# XM brings back KIIS-FM and other stations



## jamieh1

Clear Channel To Simulcast Five FM Stations On XM 
JUNE 7, 2011 AT 9:03 PM 0 COMMENTS 



Five Clear Channel owned stations will begin simulcasting on XM Radio beginning tonight at midnight eastern time. 

Channel 11 will replace CHR “Kiss” with a simulcast of CHR 102.7 KIIS-FM Los Angeles. 
Channel 12 will replace Hot AC “Mix” with a simulcast of CHR “Z100” WHTZ New York. 
Channel 13 will replace AAA “Music Summit” with a simulcast of AC “106.7 Lite-FM” WLTW New York. 
Channel 57 will replace Country “Nashville” with a simulcast of Country “The Big 98” 97.9 WSIX Nashville. 
Channel 163 will replace South Asian “Bollywood And Beyond” with a simulcast of Urban 107.5 WGCI Chicago. 

These channels will only air on XM satellite receivers and not on Sirius as part of the licensing agreement which gives Clear Channel the right to program 10 percent of XM’s bandwidth. Clear Channel has simulcasted KIIS, WLTW, WSIX, KHMX Houston, and WLW Cincinnati at various points in XM’s history.


----------



## Davenlr

So now we are paying for more commercials? When will this end?


----------



## deanconst96

I like it. Similiar to a superstation package on tv.


----------



## machavez00

I would resubscribe if the rehired the original XM PD and let them run the decades channels the way they were before the merger.


----------



## trh

Davenlr said:


> So now we are paying for more commercials? When will this end?

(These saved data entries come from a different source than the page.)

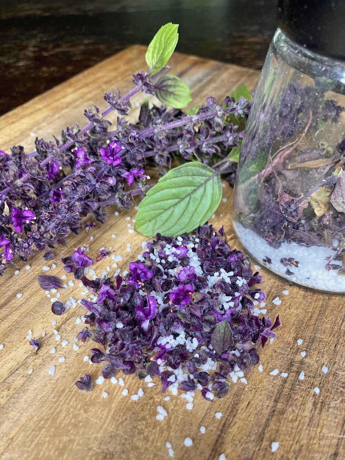 Gut getrocknet lassen sich die Blütenstände ganz einfach von den Stängel abstreifen. Diese Prozedur liebe ich sehr, denn danach duftet das ganze Zimmer nach herrlich, aromatischem Basilikum. Nun noch mit grobem Meersalz vermengen und in eine Gewürzmühle füllen. So kommt der Geschmack des Sommer auch im Winter auf eine selbst gemachte Pizza. Die Menge von einem Basilikum Busch reicht in der Regel bis zum nächsten Frühjahr.
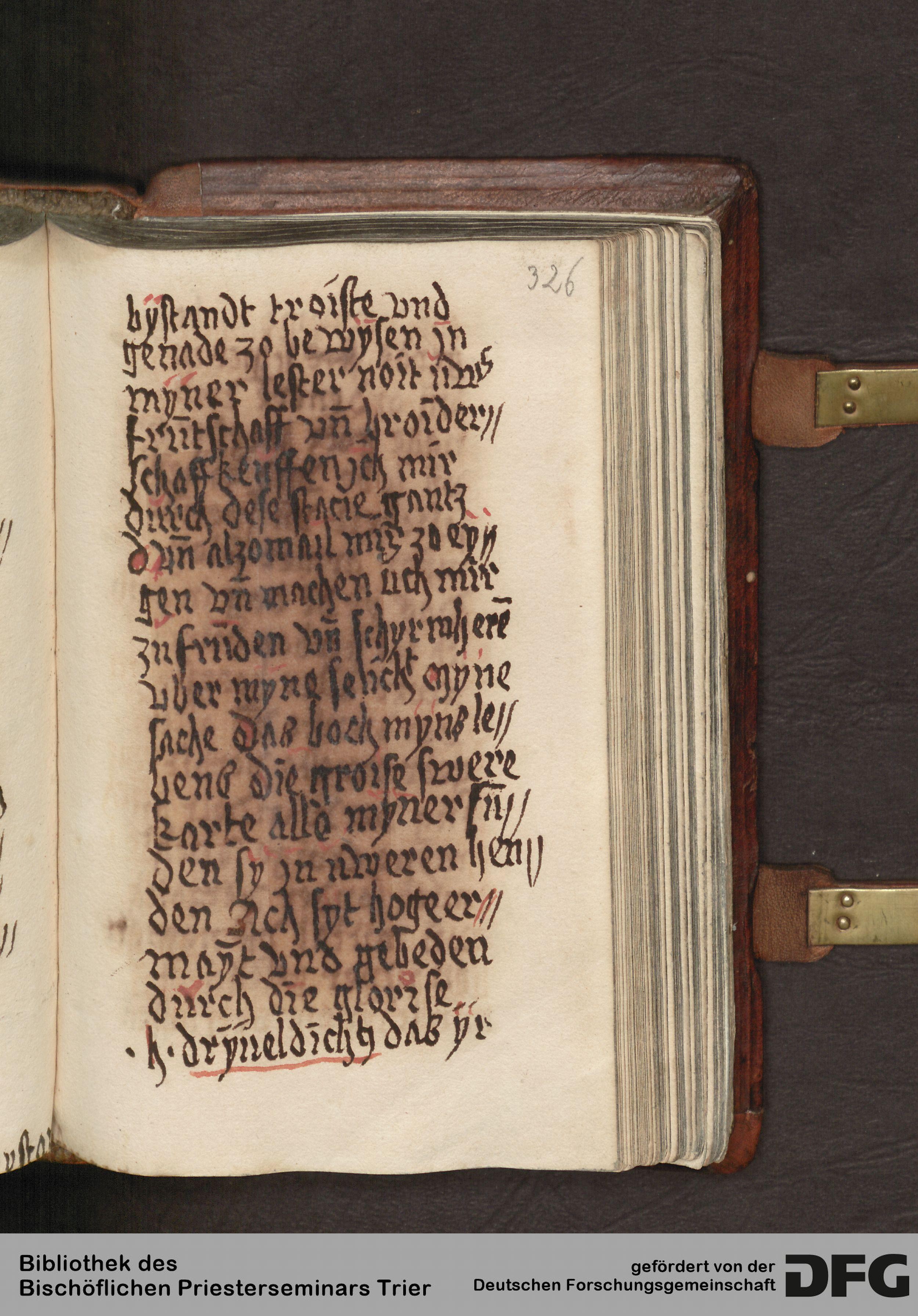 TextGrid Repository (2017). Bibliothek des Bischöflichen Priesterseminars, Hs. 111: Sammelhandschrift. Inhalte. Bibliothek des Bischöflichen Priesterseminars Trier Hs. 111. Gebete in deutscher Sprache. Blatt 327r. Blatt 327r. Virtuelles Skriptorium St. Matthias. Bibliothek des Bischöflichen Priesterseminars Trier. https://hdl.handle.net/11378/0000-0006-FFCB-7
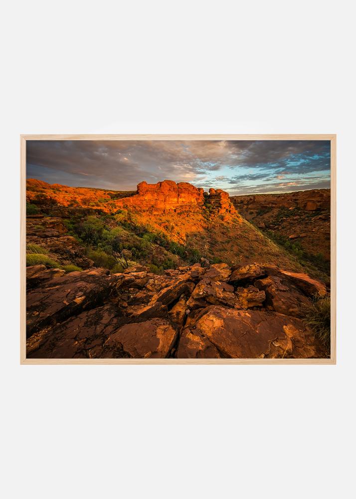 Plakat z fotografią surowych czerwonych gór o zachodzie słońca, coś dla miłośników pustyń i formacji skalnych do powieszenia na ścianie. Ciepłe czerwone odcienie w kontraście z lodowoniebieskim niebem oraz głębia zdjęcia tworzą interesujący motyw. Opraw plakat w elegancką ramę fotograficzną i umieść na ścianie z innymi motywami pustynnymi.
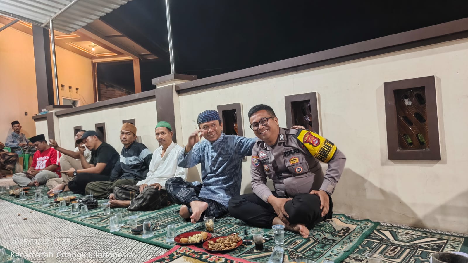 Cilegon - Bhabinkamtibmas Polsek Ciwandan Polres Cilegon Polda Banten menghadiri kegiatan Doa Bersama dan Dilanjutkan Pengajian Rutin dilingkungan Kelurahan Samangraya Kecamatan Citqngkil Kota Cilegon, Sabtu (29/11/2025).
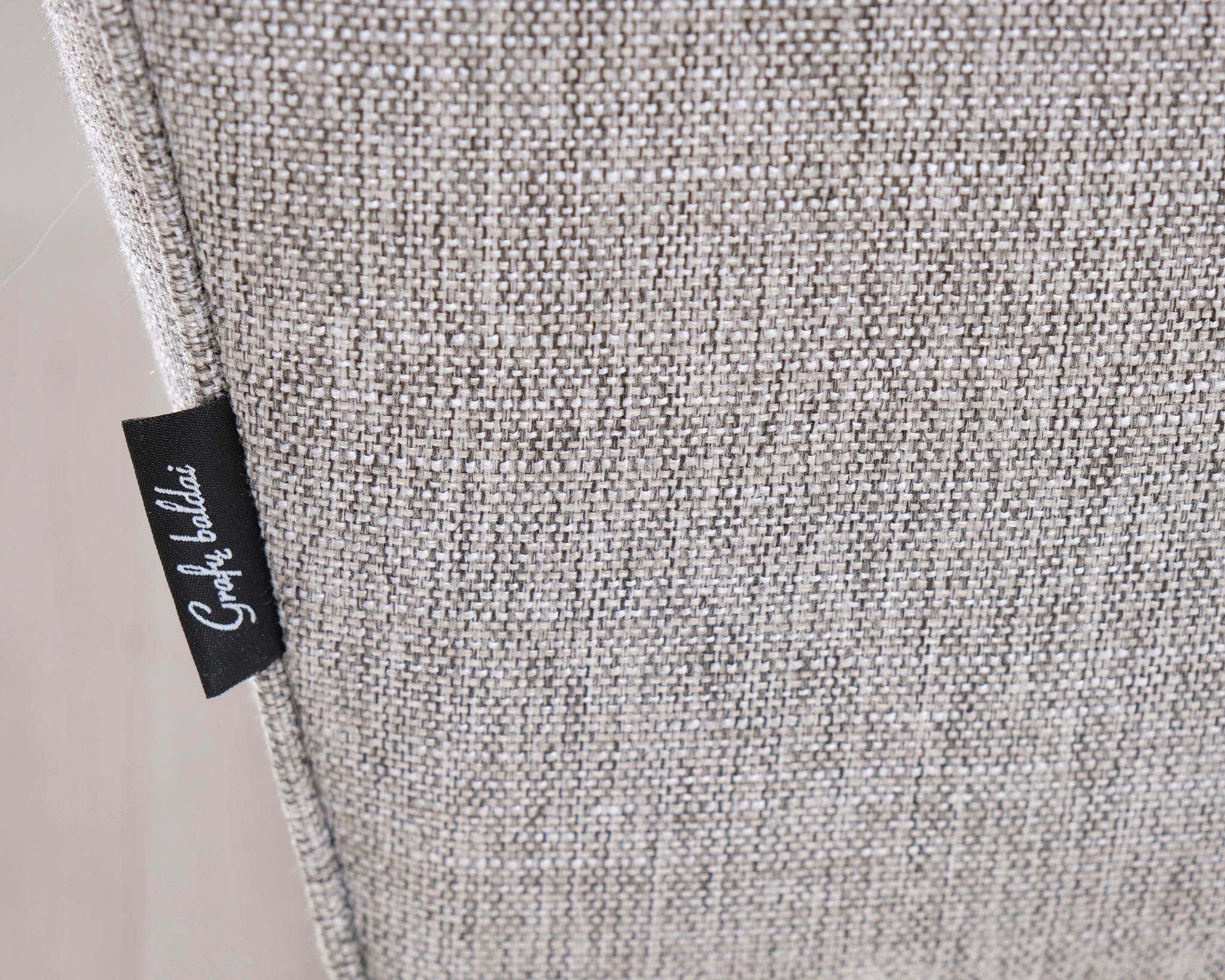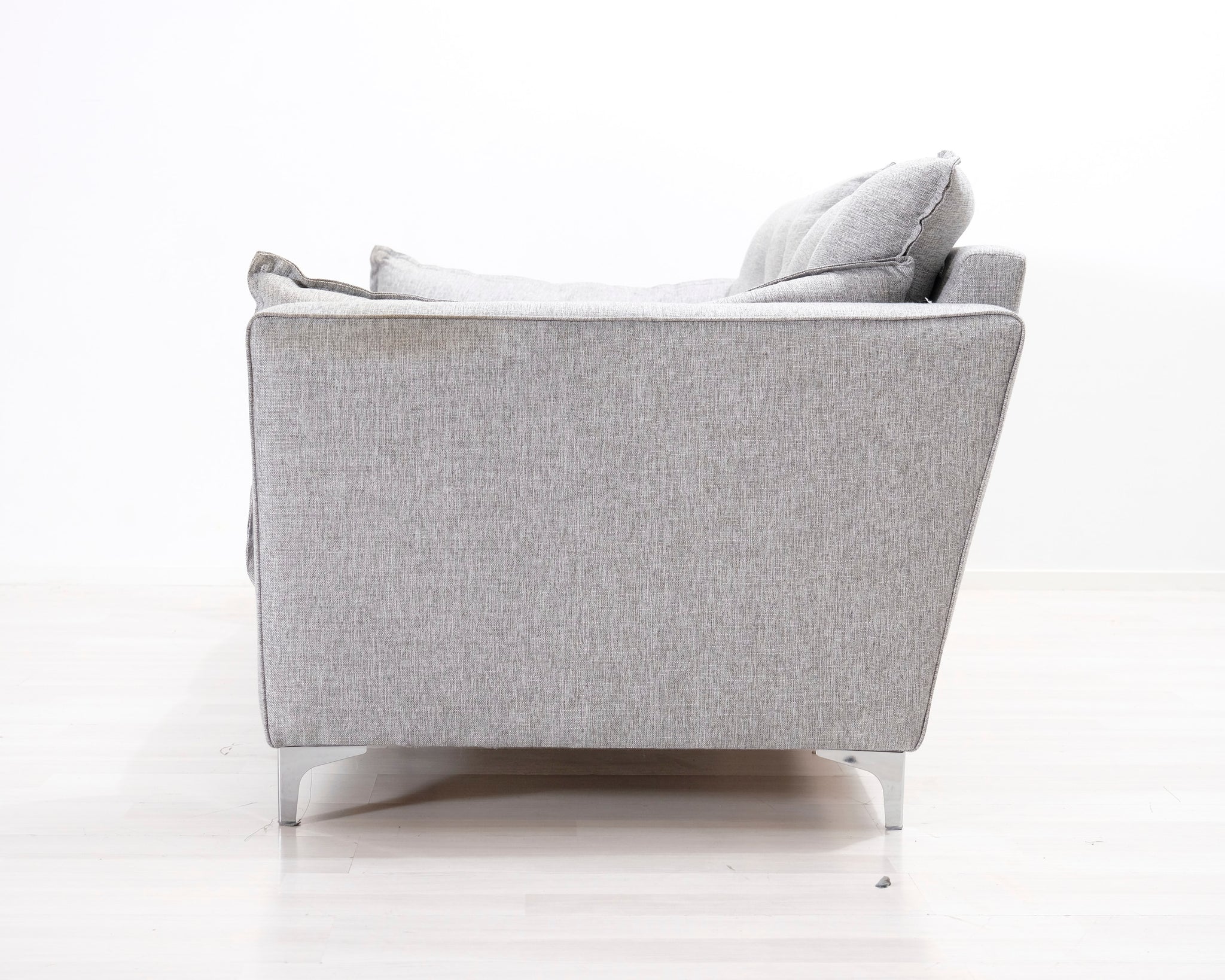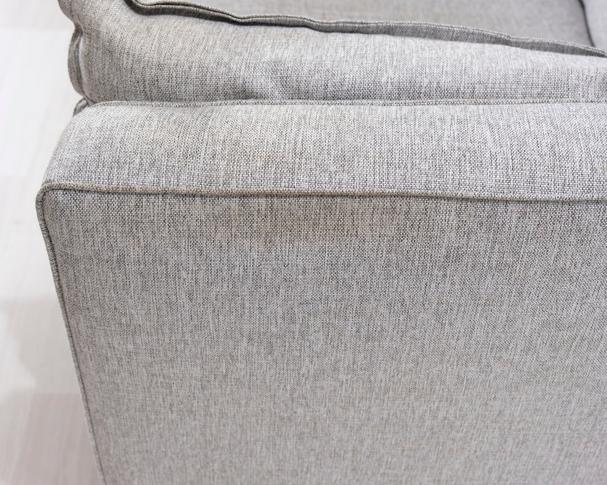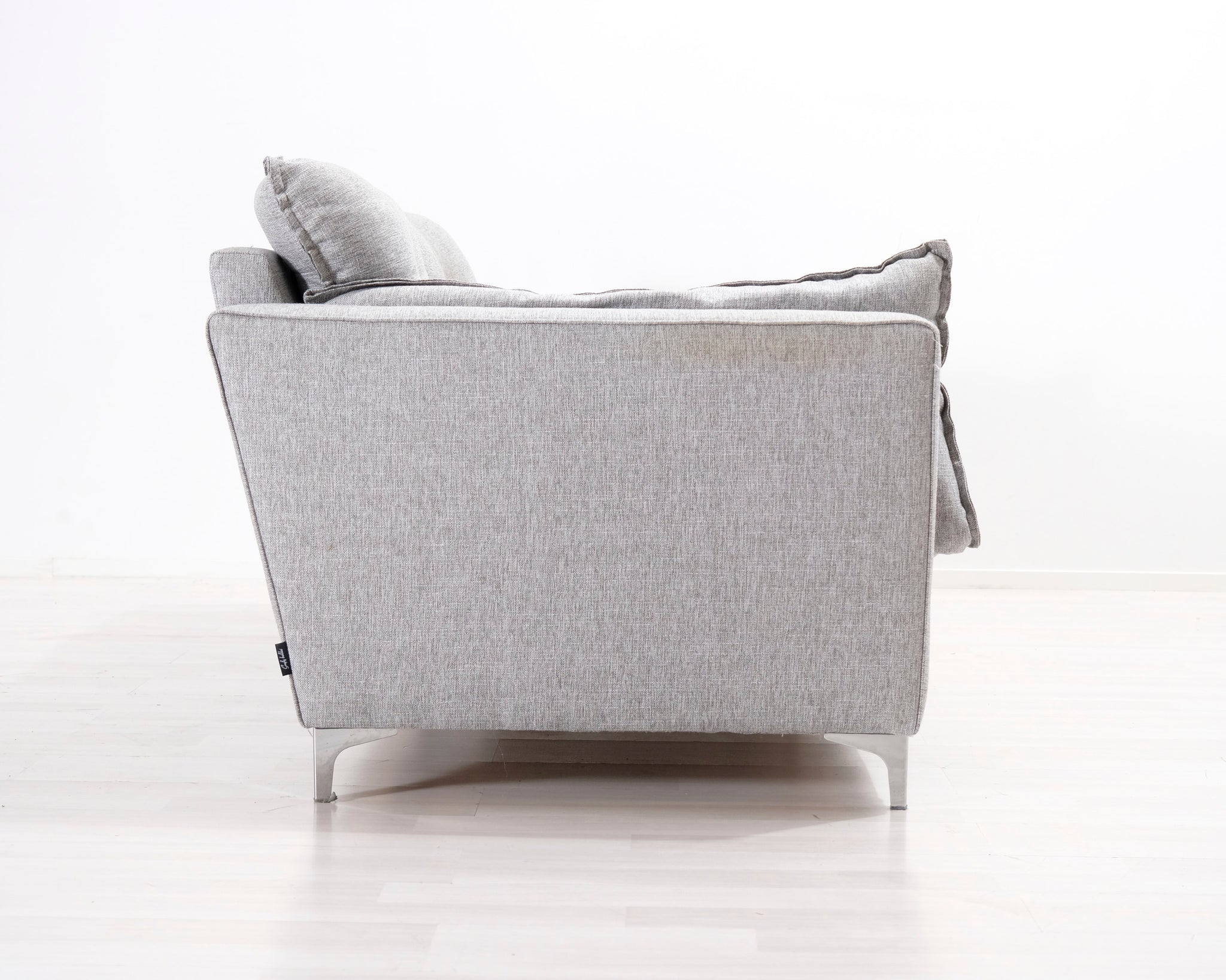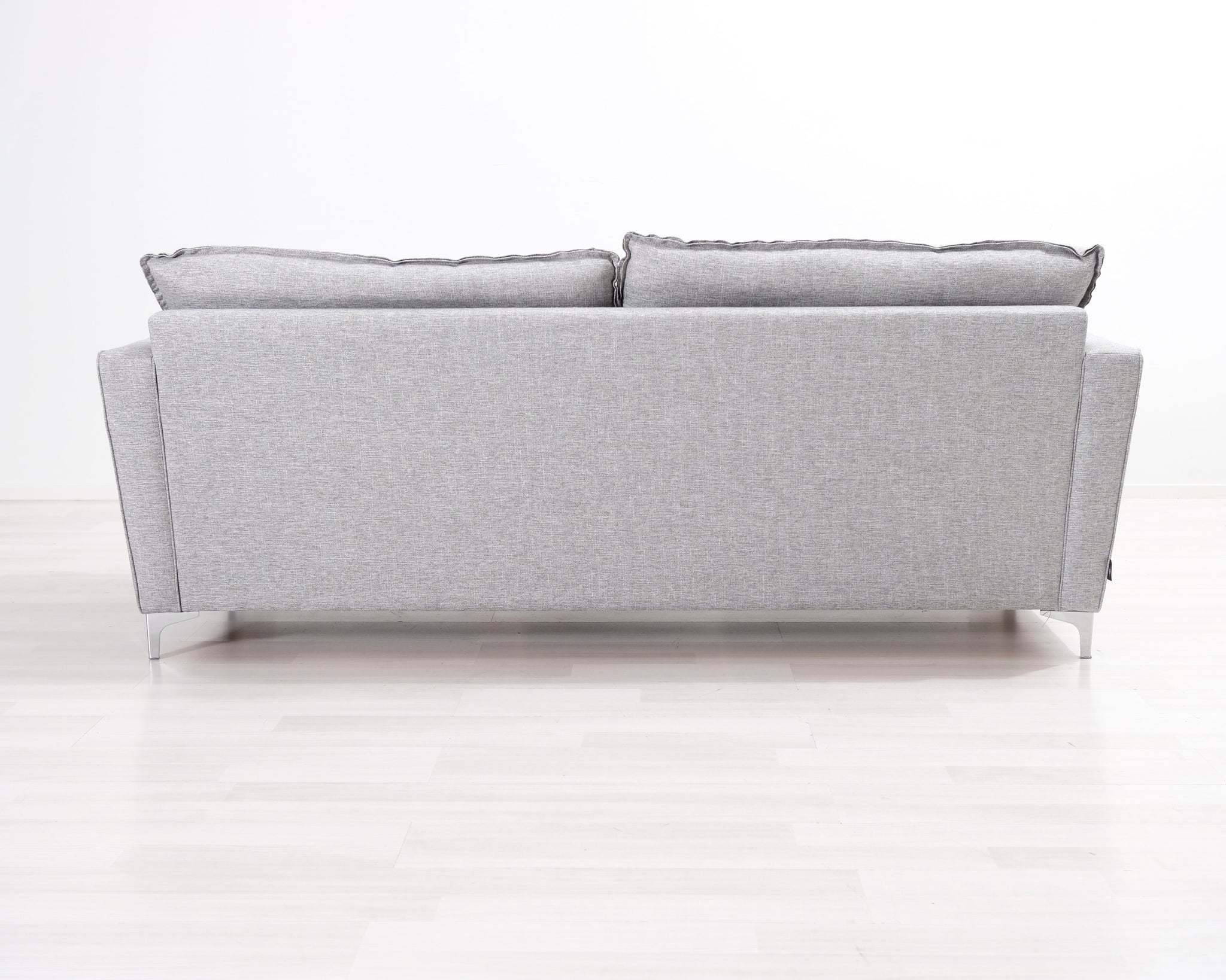 Kolmen istuttava kangassohva. Viistot käsinojat ja selkätyynyjen koristenapit antavat sohvalle persoonallisen ilmeen.

Not more commercials -- these five new Clear Channels are replacing the five Clear Channels currently on XM. So same amount of channels with commercials -- all going back to Clear Channel's original investment in XM where XM gave CC the right to program a specific portion of their music.


----------



## Davenlr

OK, gotcha. I dont listen to any of the XM stations with commercials, so I thought they were adding more. As long as they are replacing the current ones, no problem.


----------



## trh

Yes, I had the CC channels "skipped" on my radios; I'll have to check to ensure they still are.


----------



## paulman182

That's great news. I don't listen to much music on XM but the Clear Channel stations are among the best.


----------



## dirtyblueshirt

I miss my XM receiver... can't get this or MLB play-by-play on Sirius (in my Ford). Grr.


----------



## pappy97

I just noticed this, and I don't like it. I mean I like the concept, but anyone that was fan of any of the cancelled channels (like myself) will be/is peeved. I liked "Bollywood and Beyond" enough as its better than ATN Radio (159), but I guess now ATN Radio will have to do. <sigh>


----------



## MikeW

Strange as it may be, I wish they would broadcast the commercials from the actual stations instead of the national ads. It gives a better flavor of the regional aspect of the channels.


----------



## Jeremy W

MikeW said:


> Strange as it may be, I wish they would broadcast the commercials from the actual stations instead of the national ads. It gives a better flavor of the regional aspect of the channels.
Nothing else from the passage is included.